Haha, don't do it Ashley, they will think you are nuts for sticking around! lol


----------



## jesuschick (Dec 5, 2010)

A lady at work, who I have not seen for a bit, walked into an elevator in which I was already in with colleagues and asked, "How are the babies". I seriously had to ask if she meant the dogs or my grandbabies. 

She meant the dogs...haha!


----------



## doginthedesert (Oct 10, 2011)

jesuschick said:


> A lady at work, who I have not seen for a bit, walked into an elevator in which I was already in with colleagues and asked, "How are the babies". I seriously had to ask if she meant the dogs or my grandbabies.
> 
> She meant the dogs...haha!


My parents call my dogs their "grand kids" and once my dad had a whole conversation on a plane about coming to visit us- he started by saying he was visiting his daughter, son in law and grandkids- then when he realized the woman thought he was talking about human kids he just went with it!

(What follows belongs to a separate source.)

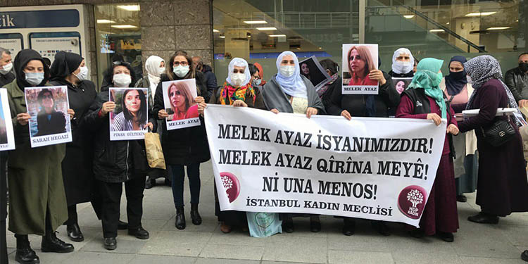 Tevgera Jinên Azad (TJA), Halkların Demokratik Kongresi (HDK) ve Halkların Demokratik Partisi (HDP) İl Kadın Meclisleri, İstanbul Silivri’de 18 Ocak günü evli olduğu Süleyman Güngörmüş tarafından katledilen Melek Ayaz için basın açıklaması gerçekleştirdi. Şirinevler Yürüyüş yolunda yapılan açıklamada Kürtçe ve Türkçe “Melek Ayaz isyanımızdır” pankartı açıldı. Kadınlar ayrıca erkek-devlet şiddeti sonucu yaşamını yitiren kadınların fotoğraflarını da taşıdı.

Even talked about the puppy like she was a newborn- my mom was so embarrassed!

Back to the topic at hand- I keep ZP around for traveling and emergencies when I might run out of raw food and to use as treats. I love the stuff. If something horrible happened and I could not feed raw (cause I really think that's best for us) I would feed ZP. One of my dogs always coughs some pieces up if I don't wet it though, I think cause he eats it so fast.


----------



## Lisa T (Sep 3, 2010)

Just reading about you breaking pieces of ZP up ? I ordered a sample pack as I'm thinking of changing Bella's food and the pieces are really small already, smaller than a bran flake. Are they bigger in a non sample pack ? Have mine just got a bit squashed in the post. Also are you just going to feed straight away ? Or introduce it slowly or I have I misread thread ? x


----------



## OzChi (Oct 26, 2011)

I'm so glad Toby loves his ZP, makes life so much easier when they love a food that is good for them. Did he try and roll in it? Mine did that they were so excited when they first got it. Both Chloe and Winston didn't like to eat the squares whole originally but they got used to it in a week or so, I gradually added some whole ones in until they were eating all whole squares.

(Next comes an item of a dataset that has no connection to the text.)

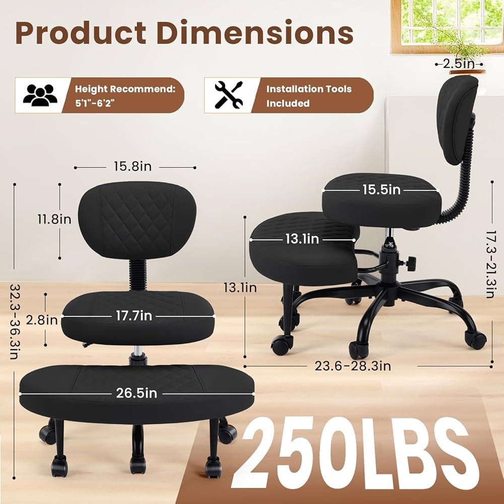 arshark Ergonomic Adjustable Height cross-legged office chair with wheels and rotating footrest - 250lb max - 32.3"-36.3" - GREY (model: yg01)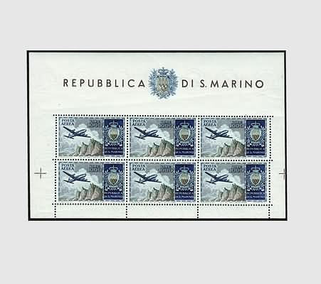 SAN MARINO - 1954, Foglietti, Aereo, Veduta e Stemma (16). Leggera grinza, lontana dai francobolli.(GOMMA INTEGRA)

Have a great time at Disney World- im jealous!


----------



## Buildthemskywards (Jun 16, 2012)

ZP is what I'm going to be buying come pay day so it's good to hear some reviews of it first hand. I'm so glad Toby has found something he can enjoy. Mylo often doesn't like big pieces of food so I'll have to look into breaking them up too. I got some treats from natures:menu which are made with 95% meat (they are a BARF company) and Mylo LOVES them. Normally I give him a treat when potty training and he goes back to what he was doing but with these he looks at me as if to say 'and where's the rest?'

On Fridays my sister looks after Mylo as I do a double shift in work and I'm gone all day. It's my form of doggy day care as he ends up exhausted after a day of playing with the kids and her husband who professed to hate dogs, especially puppies before he met Mylo. The other half went to pick Mylo up after work and ended up staying until I got out of work at 10pm. So when we were leaving I said thanks for looking after my boys, to which he husband replied 'it's no problem, one sat dribbling all night and the other just peed under the table.'


----------



## ChewyandMilo (Jul 18, 2012)

pupluv168 said:


> It is short for Ziwipeak. It is air dried raw food from New Zealand. It comes in three flavors- liver, venison, and venison and fish. It is a completely balanced raw diet with the convenience of kibble, because you feed it just like kibble. It kind of looks like a jerky... It has meat, organ, bones, vitamins, fish oil, and minerals.
> 
> It is not cheap, for sure. A 2.2 pound bag cost be about $30. But they eat very little of it and a 2.2 lb bag will last my 5.5 pound Toby about a month, maybe a little more. It is second best only to fresh raw.
> 
> ...


Thanks! I'm going to look into this!


----------



## Philippa (Jul 16, 2012)

I wish I wasn't a poor college student and could afford ZP for London . One day I am going to spoil her so nasty though, haha.


----------